大噴。日本一の湧出量毎分9000リットル。














そんな強烈なお湯ですが、効能もとびきり強いようで、西洋医学で治療できなかった病がここで湯治をすることで治ると言われています。そのため、全国各地から人が集まってきているのですが、目的が目的なので雰囲気も普通の温泉とは違い、周囲の地獄のような景色との相乗効果で最初は落ち込んでしまいました。

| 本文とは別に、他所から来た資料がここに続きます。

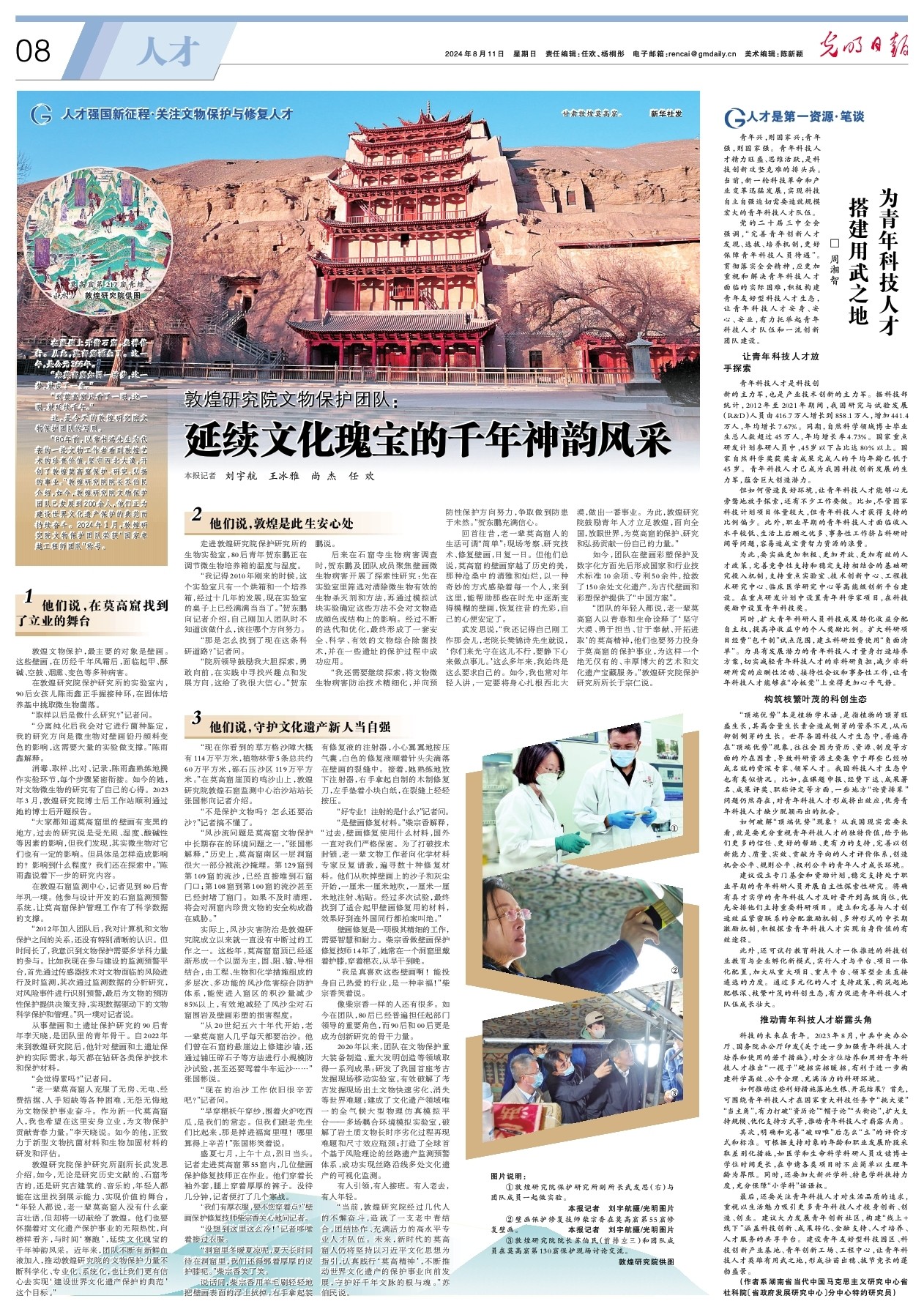 敦煌研究院保護研究所副所長武發(fā)思介紹,如今,無論是研究歷史文獻的、石窟考古的,還是研究古建筑的、音樂的,年輕人都能在這里找到展示能力、實現(xiàn)價值的舞臺,“年輕人都說,老一輩莫高窟人沒有什么豪言壯語,但卻將一切獻給了敦煌。他們也要懷揣著對文化遺產(chǎn)保護事業(yè)的無限熱忱,向榜樣看齊,與時間‘賽跑’,延續(xù)文化瑰寶的千年神韻風(fēng)采。近年來,團隊不斷有新鮮血液加入,推動敦煌研究院的文物保護力量不斷科學(xué)化、專業(yè)化、系統(tǒng)化,也讓我們更有信心去實現(xiàn)‘建設(shè)世界文化遺產(chǎn)保護的典范’這個目標。”

また、温泉施設の横にある玉川自然研究路では地面に寝っ転がって天然の岩盤浴が体験できます。天然記念物に指定されている北投石という鉱物がラジウム、つまり放射線を含有しているため治癒効果が期待できるとされています。鉱物好きの人がガイガーカウンターを持ってここにくると、おばちゃんたちが「ちょっと!測って測って!」と引く手数多になり、みなさんより高い数値を求めて寝っ転がっているそうです。

小屋以外の場所でも岩盤浴はできる。





















小屋の中。硫黄の匂いが強く、不安。















天然の岩盤浴を体験した後、いよいよ大浴場へ。ここでは源泉が強いため、最初は源泉濃度50%の湯から体を慣らします。その後、100%へ。個人差はありますがデリケートゾーンがピリピリ痛くて3分と入って入られません。ぬる湯や50%でしのぎながら、100%の人たちを尊敬だかなんだかわからない気持ちで眺めていました。
総じてまだ自分には早かったな…という印象でしたが、おできが翌日に治ったので、効能はやはりスペシャルかと思います。


いやあ、思い出すとノスタルジックな気持ちになりました。たった2、3ヶ月前ですが別世界です秋田県。また必ず行きたいと思います。